Ночь предопределений - Юрий Герт
Шрифт:
Интервал:
Закладка:
— Глыбко...— вздохнул Спиридонов.— Глыбко, мамочка родная...— И передернул костистыми плечами.
— Карст.— Чуркин кивнул на трещину с тем затаенным самодовольством, с каким хозяин представляет гостям собаку редкой породы.— Карст...
— Странное дело,— проговорил Карцев задумчиво.— Меня с давних пор забавляет один психологический парадокс... Взять эту вот щелочку... Ведь отмерьте такое расстояние на земле — каждый запросто его перепрыгнет.
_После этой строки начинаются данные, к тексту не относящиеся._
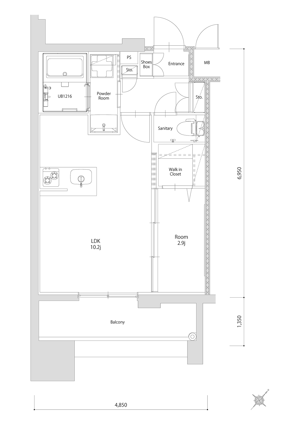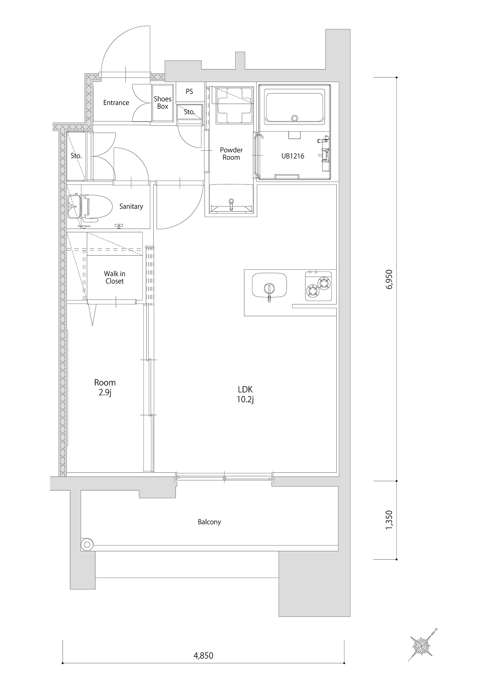 建物すべての面積は各タイプの専用面積の壁芯にて算出しておりますので、内法計算による登記簿記載面積は多少減少します。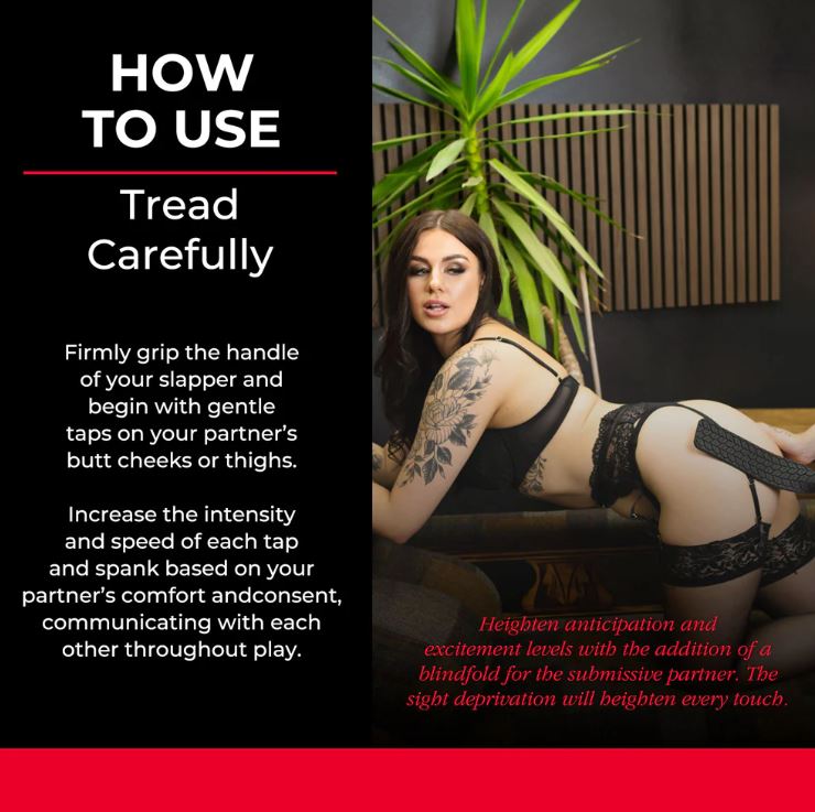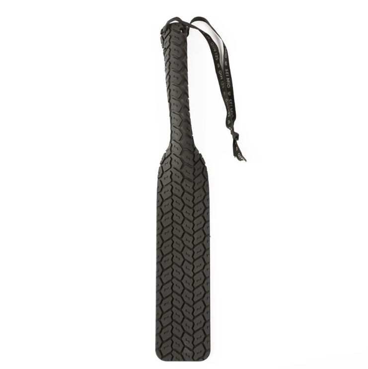 Discover an exciting twist on impact play with the Sei Mio Tread Carefully Tyre Textured Spanking Paddle, featuring a unique tire tread texture that delivers intense, satisfying sensations. Every swing leaves a distinct imprint, creating a thrilling visual treat on the skin that amplifies the experience. The tread pattern on the handle provides a secure, slip-free grip for full control, even during the most passionate play. Made from premium silicone, this paddle is not only durable but also incredibly easy to clean and dry, making it a perfect blend of style, sensation, and practicality.

А тут — нет, шалишь!.. Почему?
— Ну как — почему?— Рита удивленно вскинула бровки.— Потому что — долго падать, вот почему!..
А в самом деле — почему?— подумалось Феликсу.
— Мало ли что...— бормотнул Спиридонов. Он уставился на свои длинные ноги, на разлом, зиявший в двух или трех шагах, как бы соразмеряя то и другое.
— Все-таки риск,—Чуркин поскреб в бороде.— Оно конечно... Да все-таки риск...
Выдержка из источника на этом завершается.